═══ Information shown

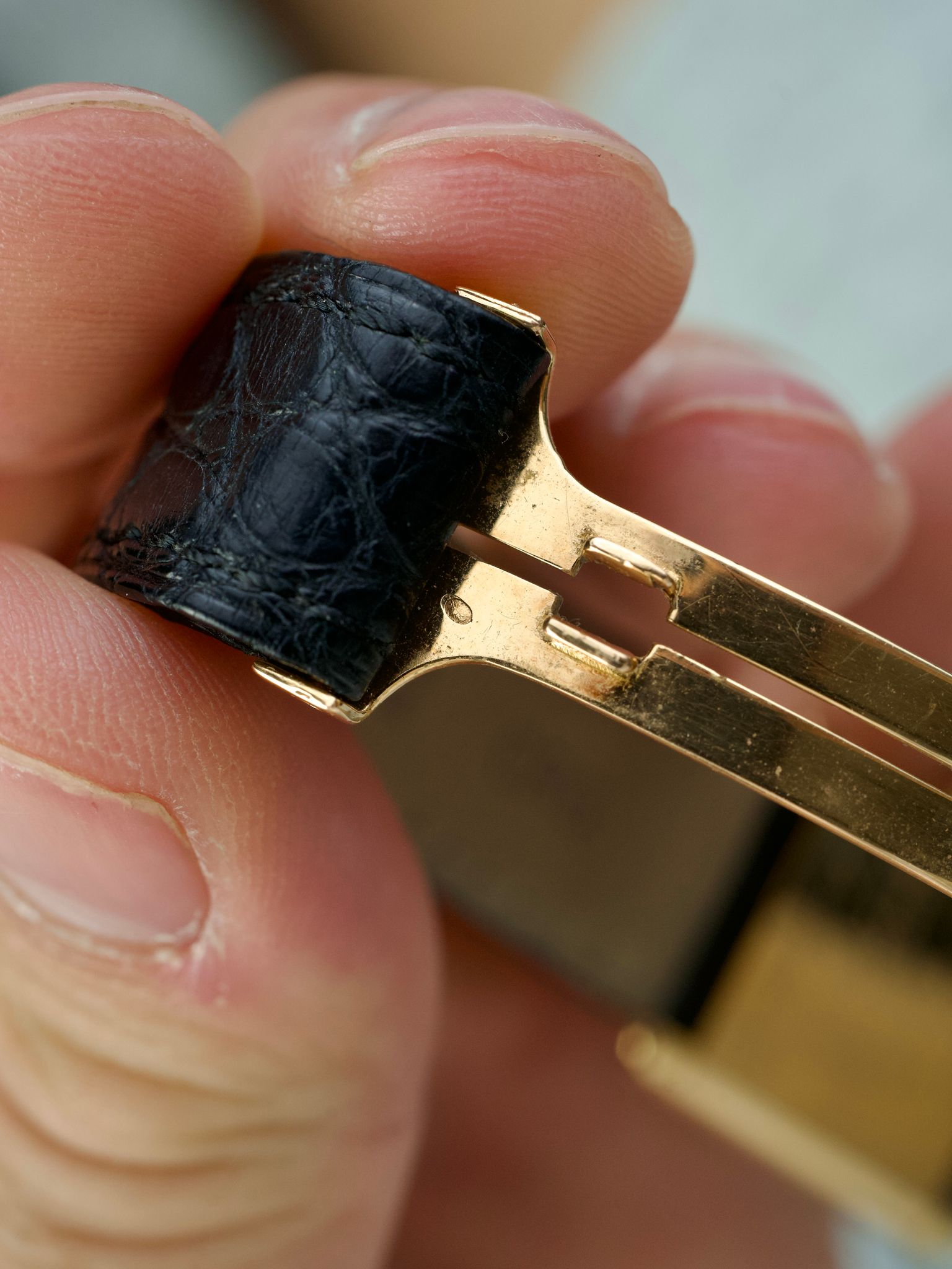 The vintage watch comes with the original Cartier leather strap (lightly worn) and is fitted with the original Cartier Paris 18k gold folding clasp, which is rare features rarely seen round edges and no Cartier sign on the clasp!
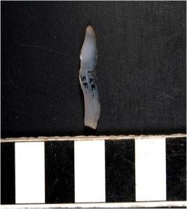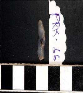 | Description / विवरण | A microlithic lunate having semi blunt edges with sharp cutting sides and triangular section. |
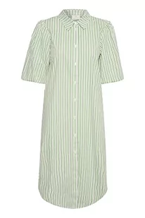 KAFFE damska koszula dress Button Up krótki rękaw, biała/zielona paski, 36

══════

Task details: Could you return, word for word, every line from the line with "triangular section. |" through the last line of the listing above, both ends included, without any pictures?

The answer:
 | Description / विवरण | A microlithic lunate having semi blunt edges with sharp cutting sides and triangular section. |
 KAFFE damska koszula dress Button Up krótki rękaw, biała/zielona paski, 36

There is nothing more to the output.